Книга: Планета Проклятых. Планета, с которой не возвращаются
Назад: Глава 6
Дальше: Глава 8

Глава 7

Воздух был прохладен, и по слежавшемуся песку идти было бы легко, если бы не Леа. Должно быть, сотрясение мозга сказывалось. Она шла, спотыкаясь, словно в бреду, и все время бормотала о самых мрачных страхах, таившихся в ее душе, о том, что они заблудятся, никогда не найдут город, умрут от жажды, холода, жары или голода. С этими страхами смешивались и переплетались страхи из прошлого, все еще таившиеся в ее подсознании. Некоторые из них Брайон мог понять, хотя и пытался не слушать бормотание Леа. Страх провалиться на зачете, не получить самую высокую оценку, отстать, страх одинокой женщины в мире мужчин, страх вылететь из школы, стать бездомной бродяжкой, одной из тех, кто отчаянно борется за выживание в многолюдных городах-государствах Земли…

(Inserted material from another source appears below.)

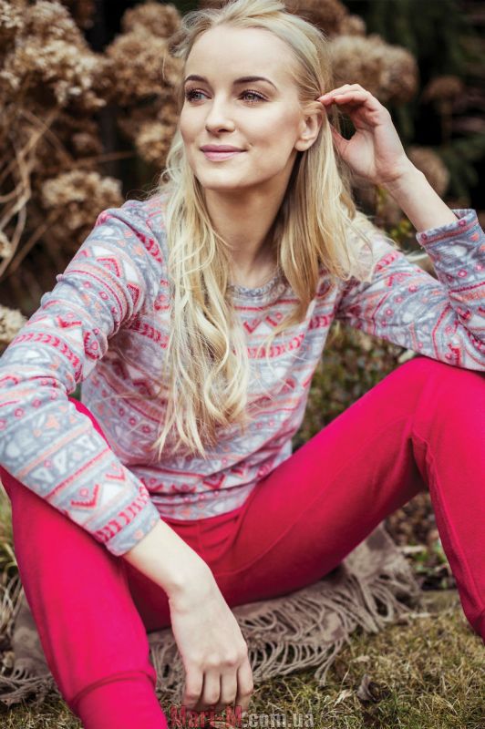 Флисовая женская пижама/домашний костюм LHS 764 B8 Key. Комплект выполнен из высококачественного, мягкого и теплого флиса, состоит из свободной кофты и зауженных брюк. Кофта серо-красного цвета в оригинальный принт-орнамент с длинными рукавами и округлым вырезом горловины, удлиненная спинка, по бокам небольшие разрезы. Штаны красного цвета на широком поясе-резинке и с широкими манжетами внизу. Состав: 100% полиэстер (флис).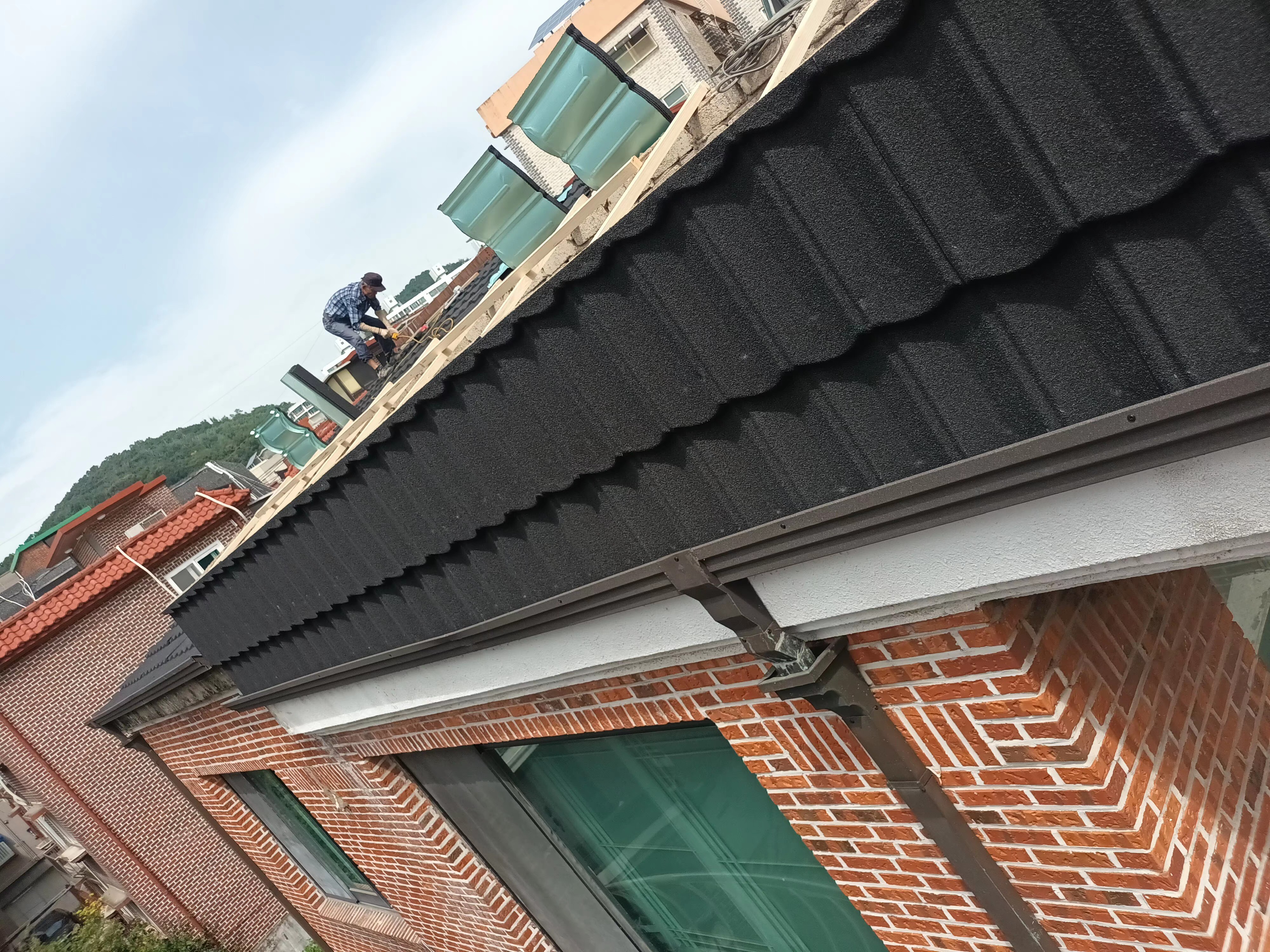 때문에 벽면 부분도 지붕공사 번위에 포함시켜 금속기와로 마감했습니다.

Брайон остановился и взял девушку на руки. Со вздохом она прижалась к его широкой груди и почти мгновенно уснула. Даже обремененный этим дополнительным грузом, он двигался теперь гораздо быстрее. Брайон перешел на самый скорый свой шаг, стараясь пройти как можно больше за оставшиеся ночные часы.
Перед ним оказалась полоса гравия и камня, и здесь Брайон потерял след вездехода. Он не стал его разыскивать. Всю дорогу он наблюдал за звездами и теперь достаточно хорошо представлял себе, где находится север. Полярной звезды в небе Дита не было, но прямоугольник какого-то созвездия явно поворачивался вокруг невидимой точки полюса. Идя так, чтобы эта точка была у него за левым плечом, Брайон мог не сомневаться в том, что движется в верном, западном направлении.
Когда его руки начали уставать, он бережно опустил спящую Леа на землю. Потянувшись и разминая мышцы, прежде чем снова поднять свою ношу, Брайон внезапно ощутил чудовищную пустоту этой пустыни. Он был поражен. Тьма и тишина царили вокруг — только облачко пара от его дыхания нарушало недвижный покой. Как далеко он был от своего дома, от своего народа, от своего мира! Даже созвездия в ночном небе были иными. Он привык быть один, но это одиночество пробуждало в его душе какие-то древние инстинкты, и дрожь, причиной которой был вовсе не холод, пробежала по его спине, так что даже волоски на его шее поднялись дыбом.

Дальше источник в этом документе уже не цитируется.